レイト君は、小さく笑って「特には」って話すだけで・・、お、おい、随分とそっちは余裕だな?こっちは動揺しまくりなのに。ミスクさんは、少しため息を吐いて・・
「・・・分かった・・片付けて、書類出してから行くから、先に食堂行ってて〜」
「え?片付け、手伝うけど・・」
「あ〜、大丈夫!とりあえず、席取っておいてくれる?」
「・・うん、分かった」
それ以上は、なんというか踏み込まれるのは嫌なんだな・・、そう思ってレイト君と食堂に歩いていく。あ〜・・なんか上手くフォローできなくて・・へこむわ。思わず、はぁっとため息を吐いてしまう。
「・・別に落ち込む事じゃねーだろ」
「・・・・え〜〜、私、そんなに分かりやすい?」
「自覚してねーの?丸わかり。感情ダダ漏れ」
「マジか・・そんなに分かりやすいのか・・」
年下に、そんな風に言われてしまう年上・・。
くそ、さっきも思いっきり冷静な顔してたもんな・・、私なんて顔が赤くなってないかと心配してたのに。そんな事を思っていると、食堂についた。
「とりあえず、空いてる席に座っておこっか」
「だな」
お水だけ人数分もらって、席につく。
向かいに座ったレイト君が私を見ると、面白そうに笑っている・・。
「・・・な、何?」
「いや・・、警戒してんなーって」
くそ!!私の顔はそんなに分かりやすいのか!
パッと横を見て、目線から逃げるように周囲を見る。食べてる人もいれば、お話ししてる人もいる。あと、たまにレイト君をチラっと見ていく女の子達もいた。

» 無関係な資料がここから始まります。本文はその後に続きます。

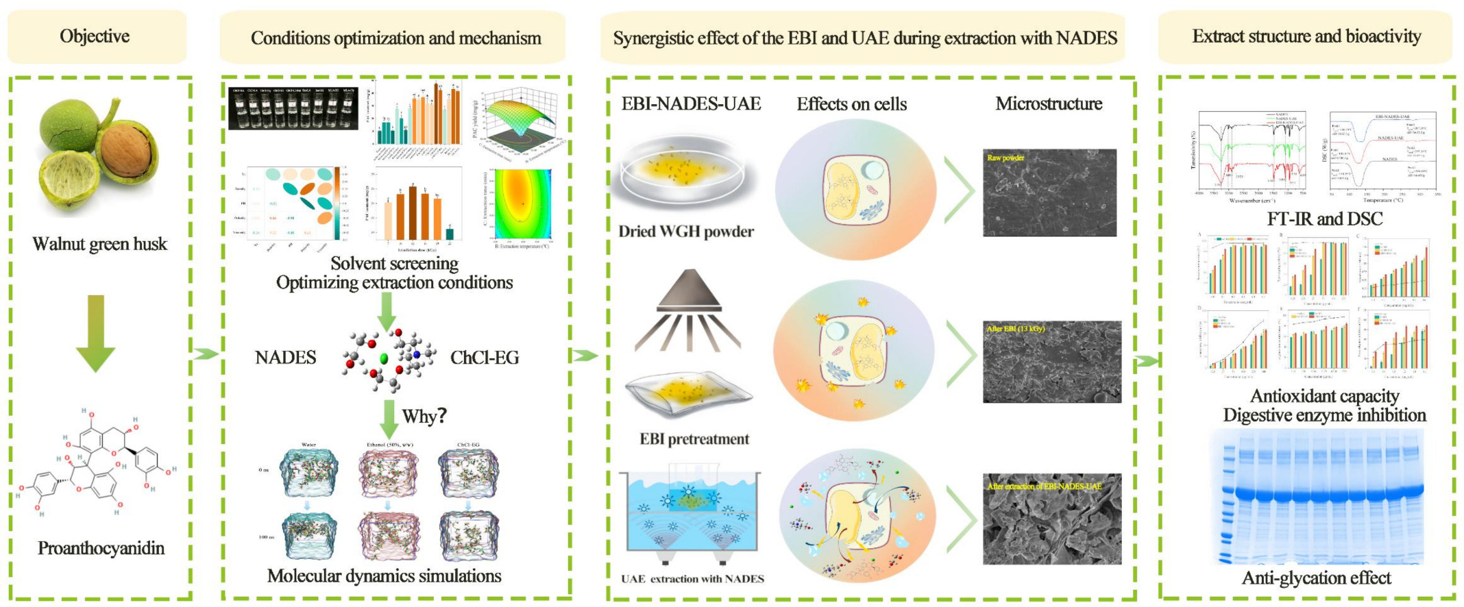 核桃青皮为核桃的外果皮,是核桃加工的主要副产物,含有丰富的多酚、黄酮类化合物、萘醌和多糖等,其中的原花青素(PAC)是一种强大的天然抗氧化剂,能够预防多种疾病。相比传统有机溶剂,天然低共熔溶剂(NADES)不仅环保安全,还可以根据目标产物进行针对性设计提取。为此,本研究开发了一种电子束辐照(EBI)结合超声(UAE)辅助NADES提取的方法,以实现从核桃青皮中绿色高效地提取原花青素。
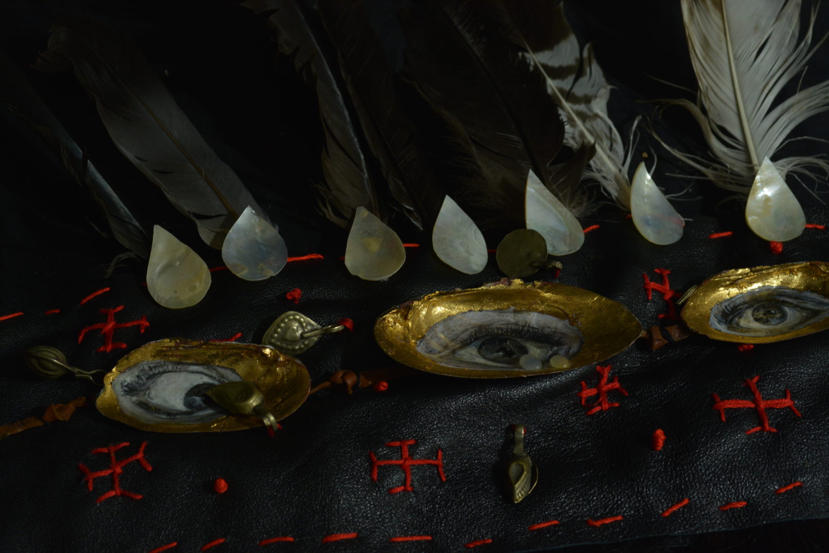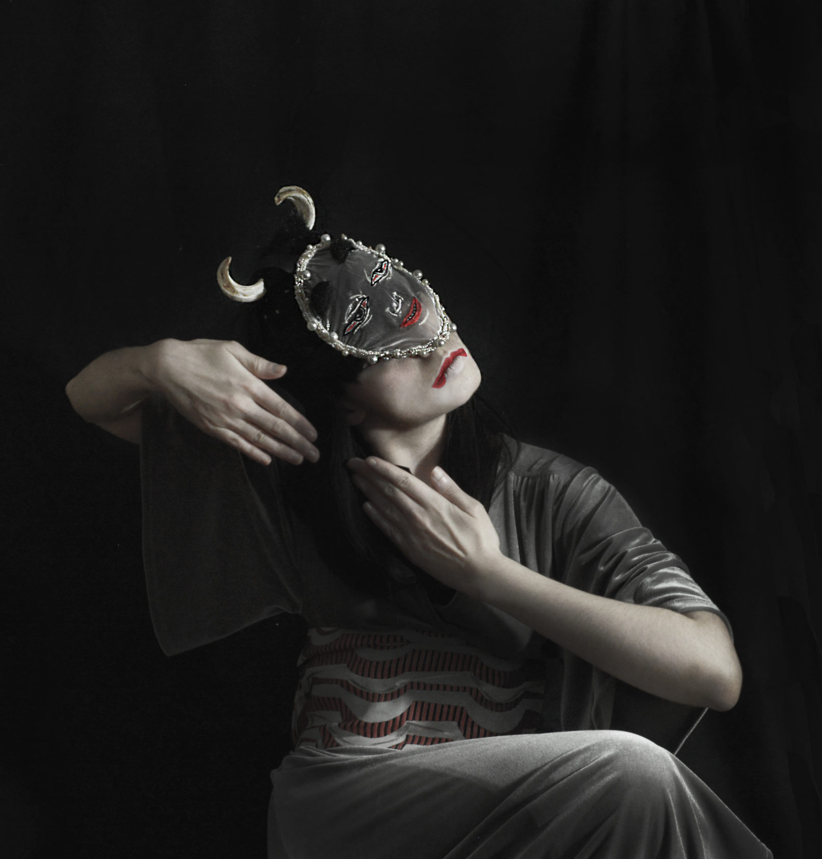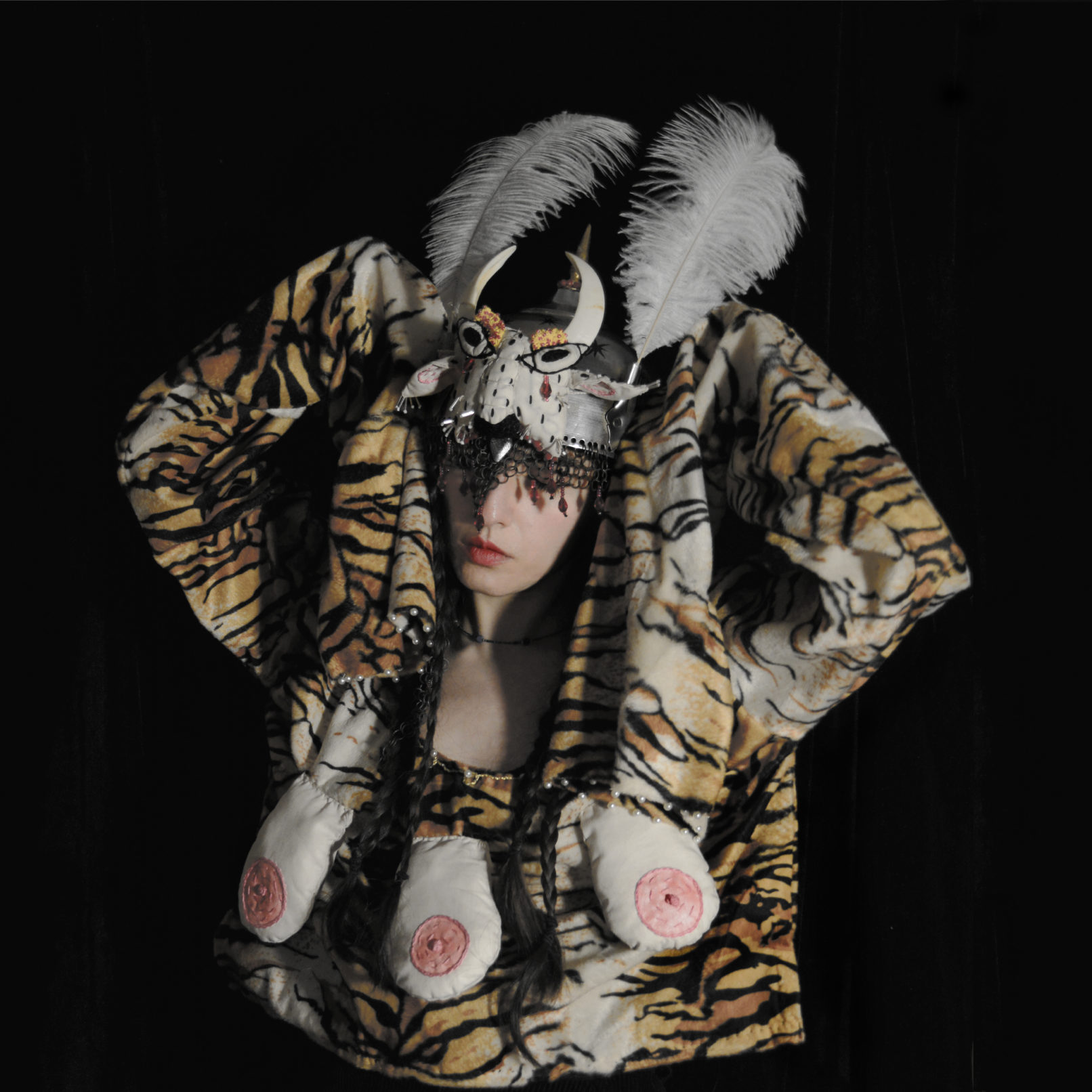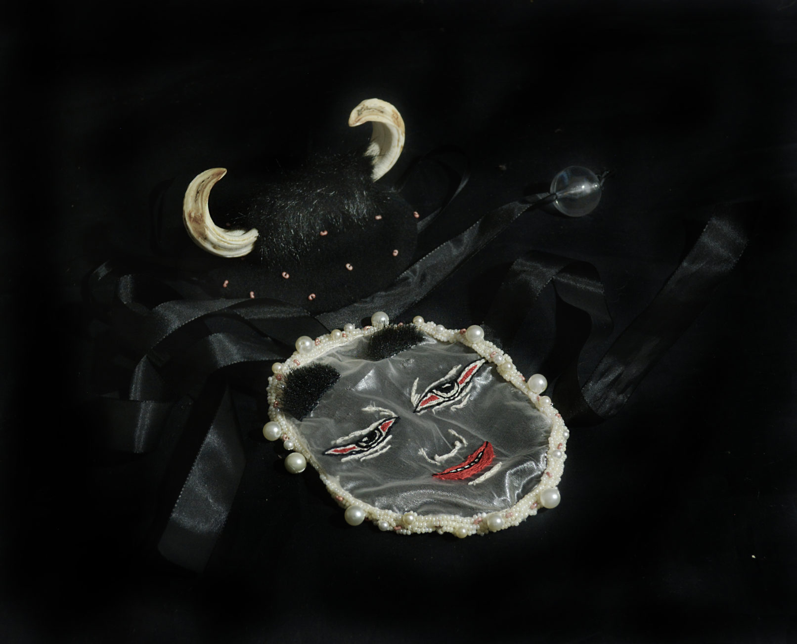 I immerse myself in each culture to learn the craftsmanship techniques of each headdress, offering a unique ethnographic approach. This project allows me to discover different working methods and expand my artistic universe. The headdresses I create tell stories and convey beliefs through their embroideries, symbols, shapes, and colors. By wearing them and staging myself in theatrical tableaus, I bring to life the mythical origins of these pieces.

う・・、なんか気付きたくなかったな・・、女子の視線。
思わずまたレイト君を見ると、頬杖をつきながらこっちを見てる。
「・・・・あの・・、あまりこっちを見ないで欲しいんですけど」
「なんでだよ」
「・・絶対、分かってて言ってるよね?」
悔しい・・年下のくせに。
私ばっかり翻弄されてないか?なんか癪だったので、持っていたカバンから紙を出して、ささっと折っていく。
「何作ってんだ?」
そう言われて、目の前で思いっきり振ってやった。
パン!!
紙鉄砲である。
レイト君は紙から大きな音がすると思わなかったのか、びっくりした顔になった。ふっふっふ、驚いたろ〜?
「・・・・子供か」
「な、なんでよ?!面白いじゃん、これ!」
「照れ隠しが、いちいち可愛いんだよ」
「・・!!」
一気に顔が赤くなって、手の中の紙鉄砲がへにゃって折り曲がった・・。ダメだ、今勝てる気がしない。完敗です。と、カツカツと聞き覚えのあるヒールの音がして、そちらを見るとミスクさんが歩いてきた。
ホッとして、声をかけようとすると・・
「りつ、可愛い」
って、レイト君が面白そうに笑ってボソリと言うから、またも顔が真っ赤になった。
ちょ!!!黙ってて!!!!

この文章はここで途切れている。